Content starts

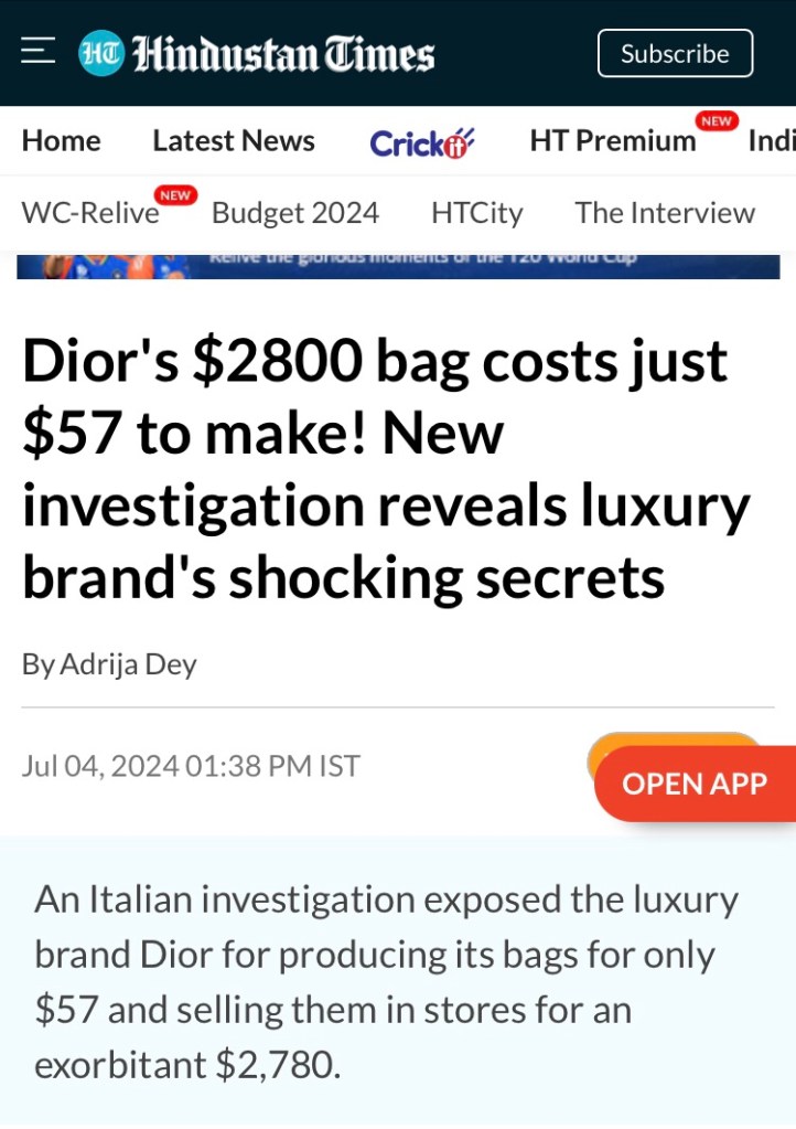 Here is an example of Idiot Index. The Dior’s $2800 bag costs just $57 to make!
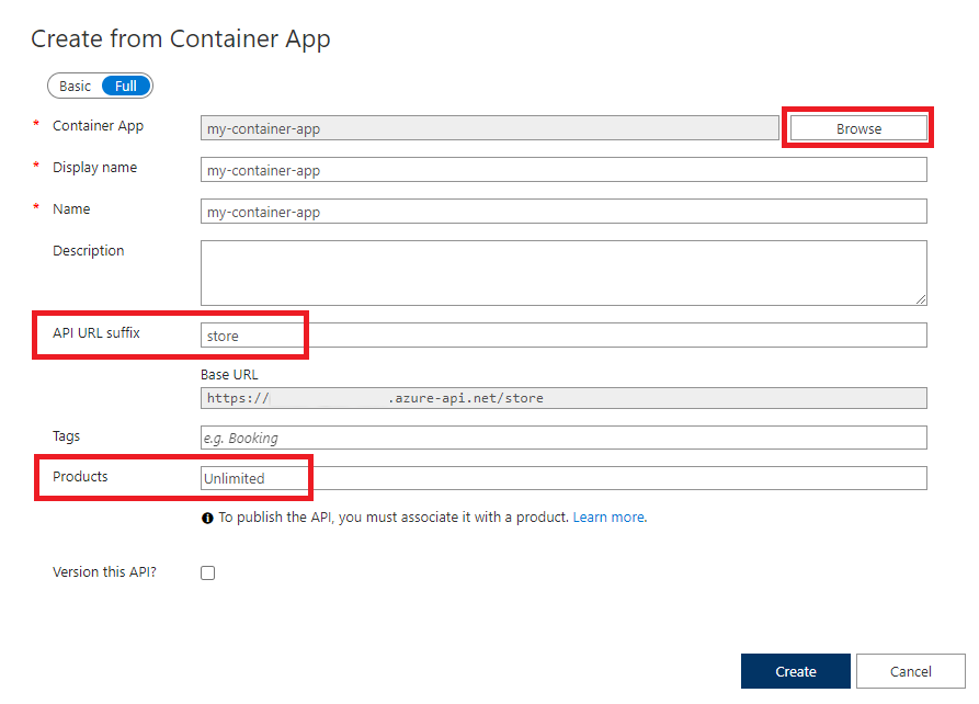 Associate the API with a product. Select Full and then, in Product, select the product. In this case, the Unlimited product is used. If you want the API to be published and be available to developers, you need to add it to a product.
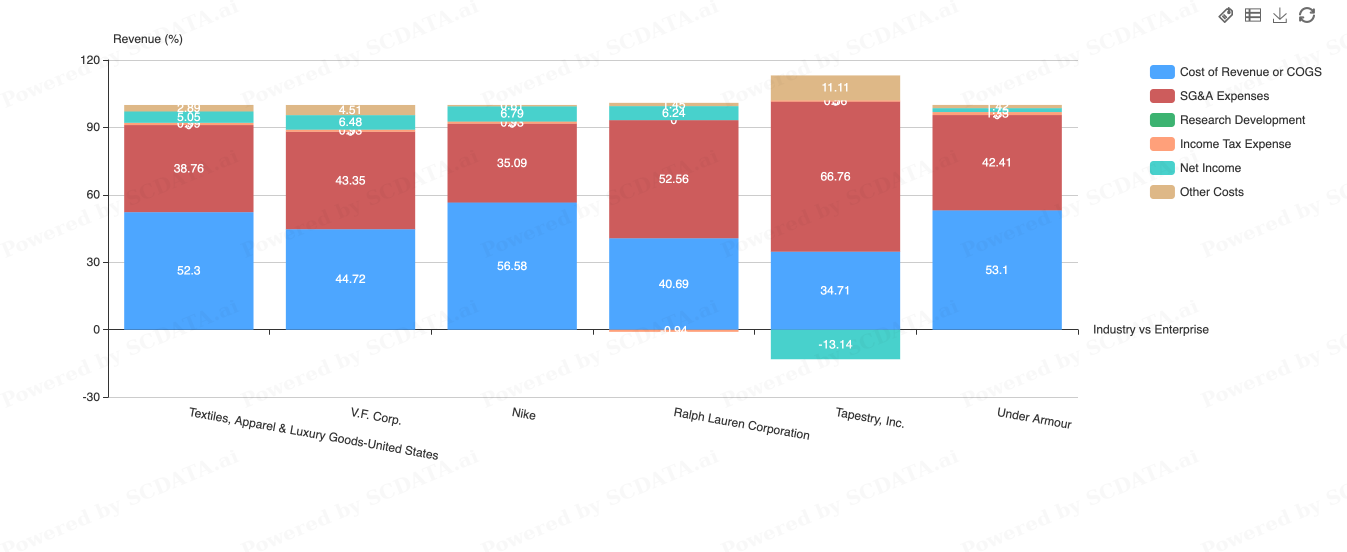 In the revenue breakdown, UA has lower COGS compared to Nike but its SG&A was higher than Nike before the pandemic. Saying that both figures of UA were higher than the industry's average.
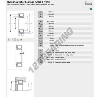 El Rodamiento Rodillos, conocido como NJ226-E-TVP2-FAG FAG, tiene un diámetro interior de 130 mm, un diámetro exterior de 230 mm y un espesor de 40 mm.
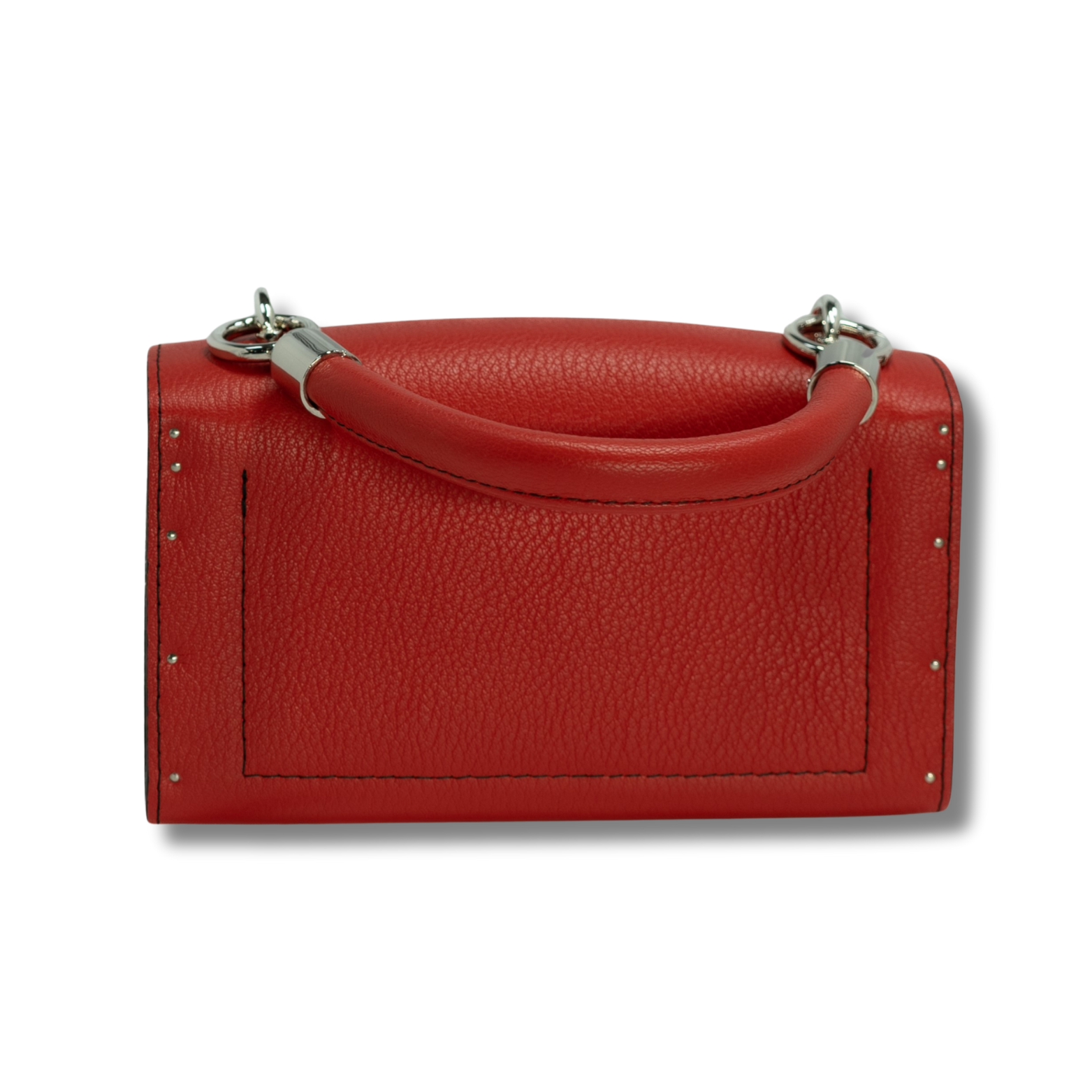 Introducing our handbag made from red Italian leather, featuring wooden inserts with a printed logo. The interior is lined with luxurious Italian Alcantara, combining elegance and functionality in a timeless design.
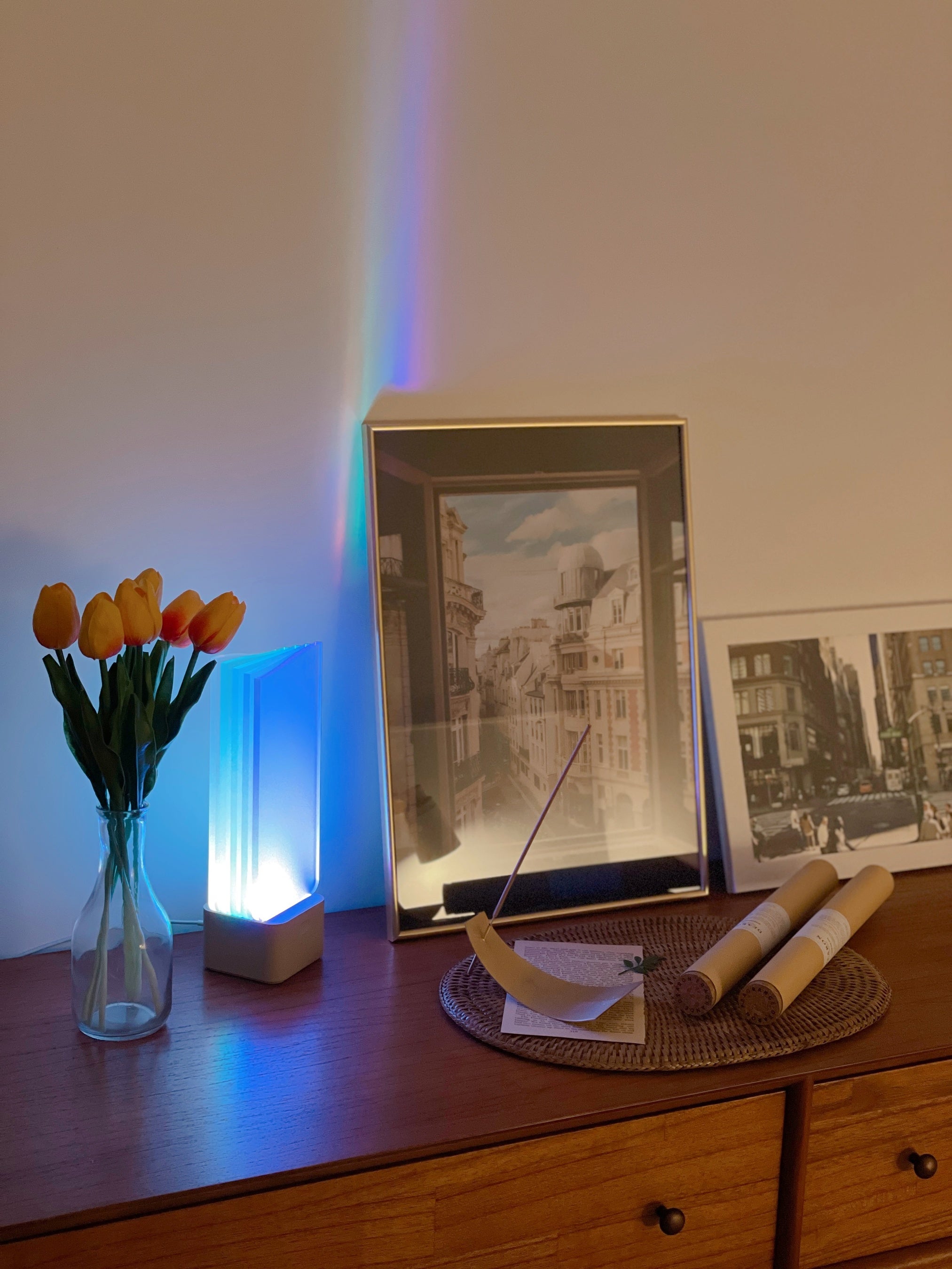 - 部屋や気分に合わせて光の色をワンタッチ変更。高級感あるアクリル製でそのままインテリアにも
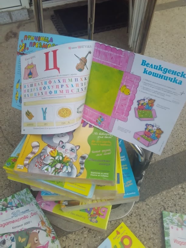 ЦДГ "Роза" е получила 120 комплекта с току-що дошли от издателство "Фют" великолепни книжки за обучение, рисуване и оцветяване, ЦДГ" Добруджа- 80 комплекта, ЦДГ" Иглика"- 130 комплекта и ЦДГ" Ян Бибиян"- 70 комплекта.
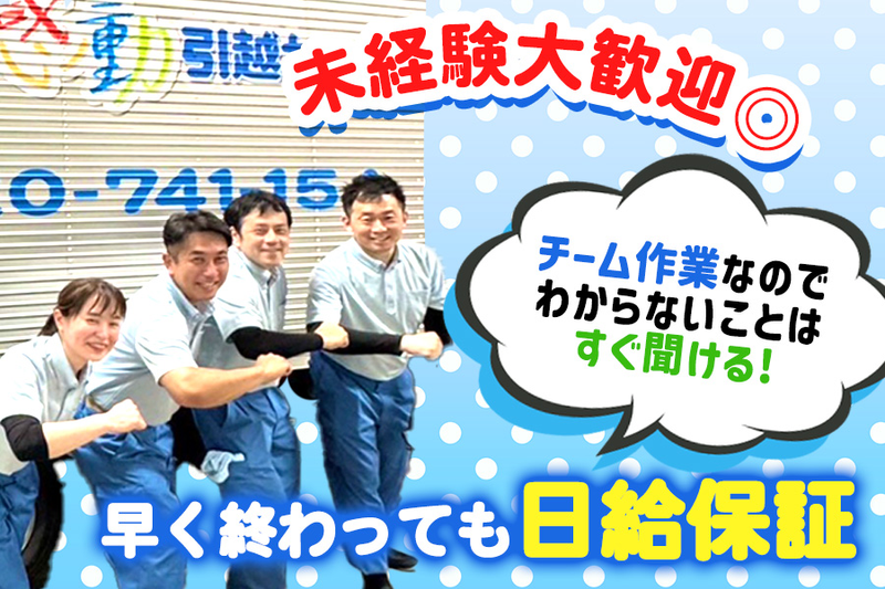 仕事内容 / 春休みに向けて出費増える今がチャンス⭐ 未経験も大歓迎! 引越し作業スタッフ募集! \ 春の繫忙期に向けて 新しいスタッフを積極採用中です✨ 面接はカジュアルに行いますので 気になったかたは、お気軽に応募してください! アクティブ感動引越センターは 『オリコン顧客満足度において第1位』を 2年連続で受賞した引越し企業となります◎ ただ物を運ぶだけじゃなく お客様の新生活や思い出を運ぶ仕事をしています! スタッフ同士の仲もよく 声を掛け合いながらチームで動くので バイトデビューでも安心です! 最初は分からないことだらけでOK! 先輩がしっかりフォローするので 学生さん・未経験の方も安心してスタート✨ 「ありがとう!」と直接言ってもらえることも多く お金だけじゃなくやりがいも 感じられるのがこの仕事の魅力! 《 仕事のながれ 》 出勤後、皆で協力して準備スタート! 準備ができたらトラックに乗って出発! お友達同士でのシフトINもOK◎ ▼ お客様宅に到着したら、 ご挨拶後早速作業スタート! ▼ 冷蔵庫などの重たい物もありますが、 声を掛け合いながら安全第一で作業を進めます! ▼ 作業後は、お客様の笑顔や 「ありがとう!」の言葉が達成感になります✨ 重たい荷物を運んだりするので 筋トレ効果も!?(笑) トレーニング目的の応募や 体を動かしたい目的の応募もOKです◎ ⭐『アクティブ感動引越センター』で働く魅力”⭐ ⏩【1】給料は即日GET可★ 働いた分のお給料は日払いOK◎(規定あり) 「今すぐお金がほしい…」という時も安心♪ 春にむけての出費や急な予定にも対応◎ 日給保証もあるのでしっかり収入を確保◎ 1ヶ月で30万以上稼いだスタッフもいますよ✨ ⏩【2】未経験も大歓迎! 特別なスキルや経験は一切不要。 作業の流れは先輩スタッフが丁寧に教えます! 2〜4人のチーム作業が基本なので、 一人で作業を任されることはありません◎ 重量物も複数人で運ぶので安心してください! 体を動かす仕事なので 時間が過ぎるのもあっという間です! ⏩【3】自由シフト制! 春の繁忙期に向けて シフトに入れない日はほとんどなし! 週1日〜の勤務もOK◎ もちろんレギュラー勤務も大歓迎です! 安定して稼ぎたい方も 空いた日だけ働きたい方もピッタリ! 長期で勤務できる方は特に歓迎します✨

Content ends

Exercise brief
From the line containing "е получила 120" to the final line of the entries, both included, transcribe every line exactly, omit the pictures, and add nothing more.

Problem solution
 ЦДГ "Роза" е получила 120 комплекта с току-що дошли от издателство "Фют" великолепни книжки за обучение, рисуване и оцветяване, ЦДГ" Добруджа- 80 комплекта, ЦДГ" Иглика"- 130 комплекта и ЦДГ" Ян Бибиян"- 70 комплекта.
 仕事内容 / 春休みに向けて出費増える今がチャンス⭐ 未経験も大歓迎! 引越し作業スタッフ募集! \ 春の繫忙期に向けて 新しいスタッフを積極採用中です✨ 面接はカジュアルに行いますので 気になったかたは、お気軽に応募してください! アクティブ感動引越センターは 『オリコン顧客満足度において第1位』を 2年連続で受賞した引越し企業となります◎ ただ物を運ぶだけじゃなく お客様の新生活や思い出を運ぶ仕事をしています! スタッフ同士の仲もよく 声を掛け合いながらチームで動くので バイトデビューでも安心です! 最初は分からないことだらけでOK! 先輩がしっかりフォローするので 学生さん・未経験の方も安心してスタート✨ 「ありがとう!」と直接言ってもらえることも多く お金だけじゃなくやりがいも 感じられるのがこの仕事の魅力! 《 仕事のながれ 》 出勤後、皆で協力して準備スタート! 準備ができたらトラックに乗って出発! お友達同士でのシフトINもOK◎ ▼ お客様宅に到着したら、 ご挨拶後早速作業スタート! ▼ 冷蔵庫などの重たい物もありますが、 声を掛け合いながら安全第一で作業を進めます! ▼ 作業後は、お客様の笑顔や 「ありがとう!」の言葉が達成感になります✨ 重たい荷物を運んだりするので 筋トレ効果も!?(笑) トレーニング目的の応募や 体を動かしたい目的の応募もOKです◎ ⭐『アクティブ感動引越センター』で働く魅力”⭐ ⏩【1】給料は即日GET可★ 働いた分のお給料は日払いOK◎(規定あり) 「今すぐお金がほしい…」という時も安心♪ 春にむけての出費や急な予定にも対応◎ 日給保証もあるのでしっかり収入を確保◎ 1ヶ月で30万以上稼いだスタッフもいますよ✨ ⏩【2】未経験も大歓迎! 特別なスキルや経験は一切不要。 作業の流れは先輩スタッフが丁寧に教えます! 2〜4人のチーム作業が基本なので、 一人で作業を任されることはありません◎ 重量物も複数人で運ぶので安心してください! 体を動かす仕事なので 時間が過ぎるのもあっという間です! ⏩【3】自由シフト制! 春の繁忙期に向けて シフトに入れない日はほとんどなし! 週1日〜の勤務もOK◎ もちろんレギュラー勤務も大歓迎です! 安定して稼ぎたい方も 空いた日だけ働きたい方もピッタリ! 長期で勤務できる方は特に歓迎します✨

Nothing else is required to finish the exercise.